Starting with the line below that holds "Protestul impotriva lui" and stopping after the line that holds "COORS ORIGINAL EST.", transcribe the lines exactly, leaving out all pictures.

▶ **SUPPLIED MATERIAL**
--

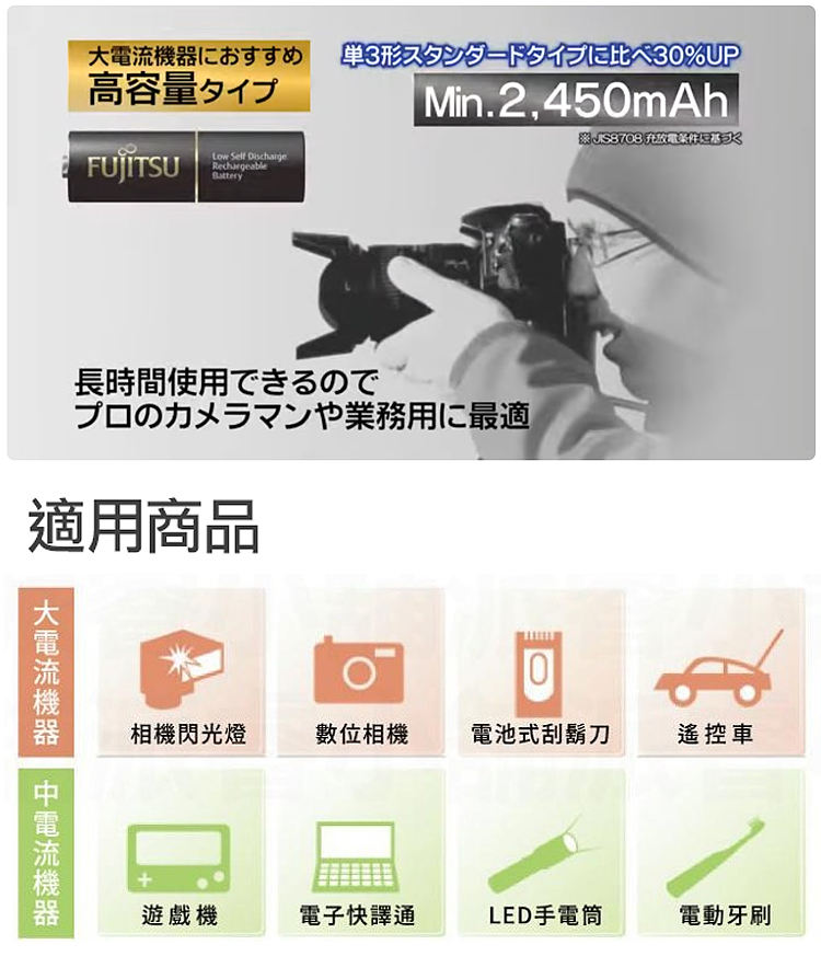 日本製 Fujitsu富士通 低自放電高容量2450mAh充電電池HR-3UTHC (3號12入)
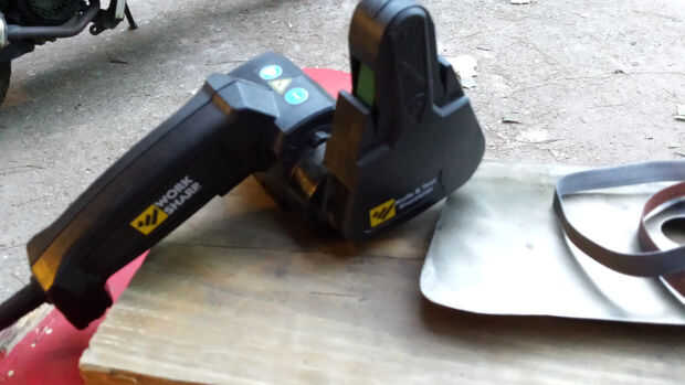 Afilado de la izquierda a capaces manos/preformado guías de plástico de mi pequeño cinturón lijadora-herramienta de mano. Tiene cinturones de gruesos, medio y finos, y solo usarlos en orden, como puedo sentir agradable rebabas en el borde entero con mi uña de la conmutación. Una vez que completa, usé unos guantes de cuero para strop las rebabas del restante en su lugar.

--

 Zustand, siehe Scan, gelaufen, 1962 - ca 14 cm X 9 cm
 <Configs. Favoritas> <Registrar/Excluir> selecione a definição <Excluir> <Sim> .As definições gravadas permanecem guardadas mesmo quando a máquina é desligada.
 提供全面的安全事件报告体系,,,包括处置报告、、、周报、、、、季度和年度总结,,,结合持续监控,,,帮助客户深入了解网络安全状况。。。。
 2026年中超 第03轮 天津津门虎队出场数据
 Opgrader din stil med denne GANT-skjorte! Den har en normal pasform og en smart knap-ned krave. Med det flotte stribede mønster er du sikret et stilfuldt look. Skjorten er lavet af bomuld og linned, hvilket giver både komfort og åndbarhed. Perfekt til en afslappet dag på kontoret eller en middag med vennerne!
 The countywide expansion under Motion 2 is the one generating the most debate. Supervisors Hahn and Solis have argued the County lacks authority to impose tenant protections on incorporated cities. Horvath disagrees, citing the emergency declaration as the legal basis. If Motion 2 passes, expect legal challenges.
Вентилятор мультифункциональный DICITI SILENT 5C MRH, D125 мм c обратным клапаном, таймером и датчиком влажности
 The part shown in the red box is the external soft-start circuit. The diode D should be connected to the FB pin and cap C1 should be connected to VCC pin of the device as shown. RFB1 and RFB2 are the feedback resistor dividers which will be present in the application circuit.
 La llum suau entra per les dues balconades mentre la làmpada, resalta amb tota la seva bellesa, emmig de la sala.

--

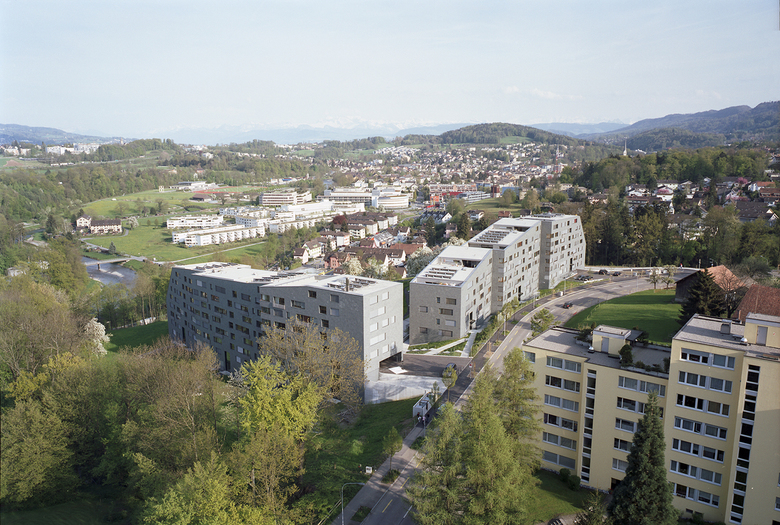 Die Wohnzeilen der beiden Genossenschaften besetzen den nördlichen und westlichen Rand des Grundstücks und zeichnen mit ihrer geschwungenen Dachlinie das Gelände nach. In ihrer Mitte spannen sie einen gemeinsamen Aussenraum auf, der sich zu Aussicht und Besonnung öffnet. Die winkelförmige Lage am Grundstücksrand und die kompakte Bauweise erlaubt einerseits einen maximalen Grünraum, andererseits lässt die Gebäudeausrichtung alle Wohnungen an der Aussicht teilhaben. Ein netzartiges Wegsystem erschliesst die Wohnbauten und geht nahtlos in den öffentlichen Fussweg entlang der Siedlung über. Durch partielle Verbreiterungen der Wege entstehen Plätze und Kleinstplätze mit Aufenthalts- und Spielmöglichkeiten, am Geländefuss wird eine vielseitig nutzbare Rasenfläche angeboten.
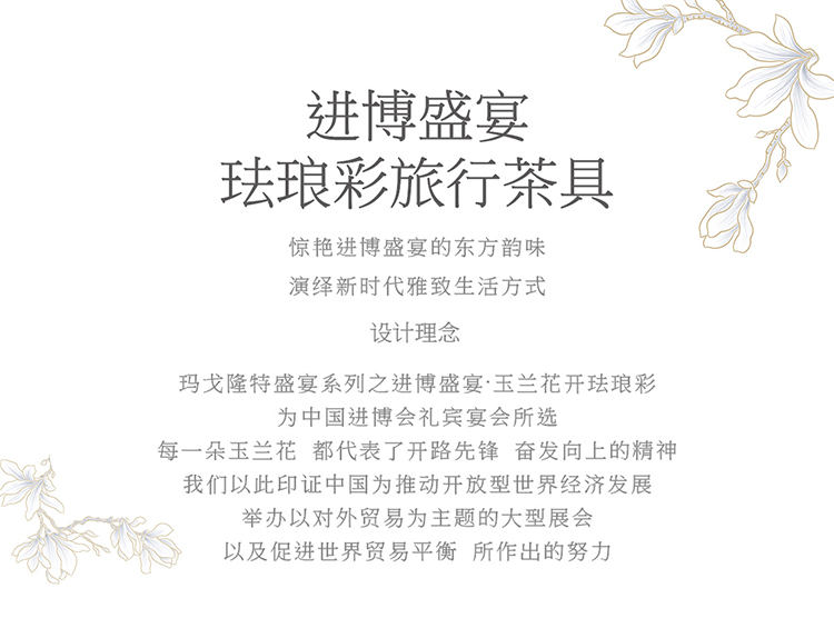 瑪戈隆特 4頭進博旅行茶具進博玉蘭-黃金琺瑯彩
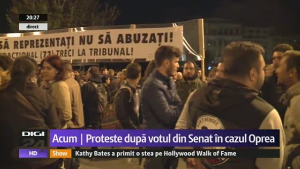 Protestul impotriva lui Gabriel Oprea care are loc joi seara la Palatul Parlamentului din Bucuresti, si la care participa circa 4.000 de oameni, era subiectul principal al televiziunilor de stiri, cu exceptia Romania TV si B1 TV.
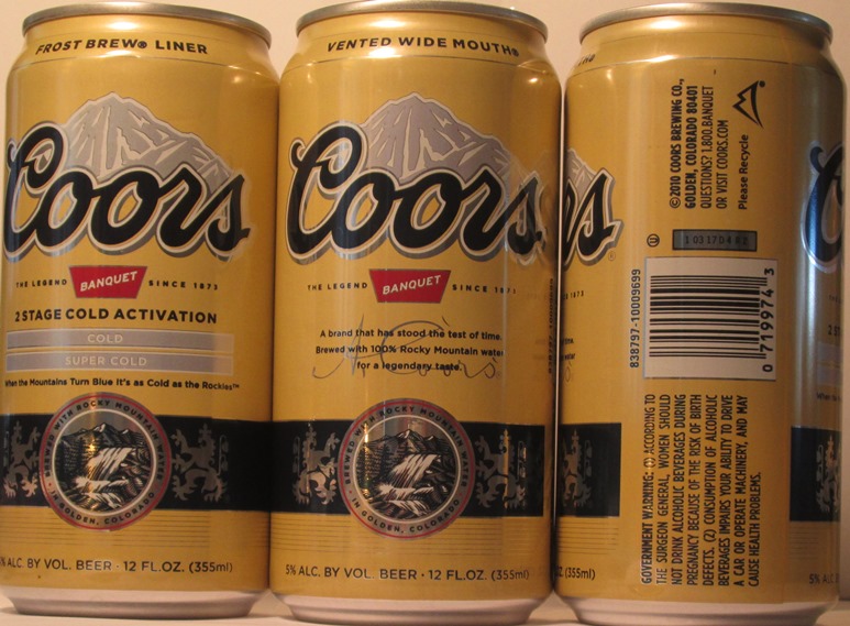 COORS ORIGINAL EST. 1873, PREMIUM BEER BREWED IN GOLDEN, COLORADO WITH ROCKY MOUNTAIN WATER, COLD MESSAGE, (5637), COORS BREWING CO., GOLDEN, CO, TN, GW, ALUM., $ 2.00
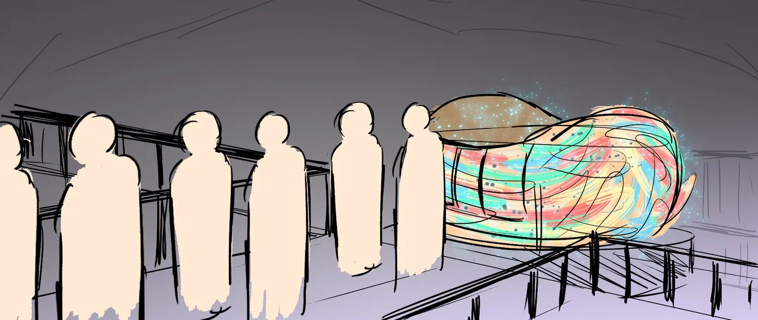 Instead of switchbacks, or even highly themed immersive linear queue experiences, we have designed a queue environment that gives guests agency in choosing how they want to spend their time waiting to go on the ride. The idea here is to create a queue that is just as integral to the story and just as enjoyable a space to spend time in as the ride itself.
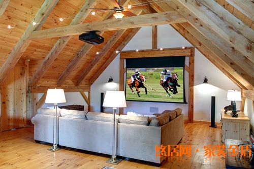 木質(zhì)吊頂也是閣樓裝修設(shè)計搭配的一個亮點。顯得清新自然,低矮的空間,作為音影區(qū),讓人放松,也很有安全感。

--

▶ **OUTPUT**
 Protestul impotriva lui Gabriel Oprea care are loc joi seara la Palatul Parlamentului din Bucuresti, si la care participa circa 4.000 de oameni, era subiectul principal al televiziunilor de stiri, cu exceptia Romania TV si B1 TV.
 COORS ORIGINAL EST. 1873, PREMIUM BEER BREWED IN GOLDEN, COLORADO WITH ROCKY MOUNTAIN WATER, COLD MESSAGE, (5637), COORS BREWING CO., GOLDEN, CO, TN, GW, ALUM., $ 2.00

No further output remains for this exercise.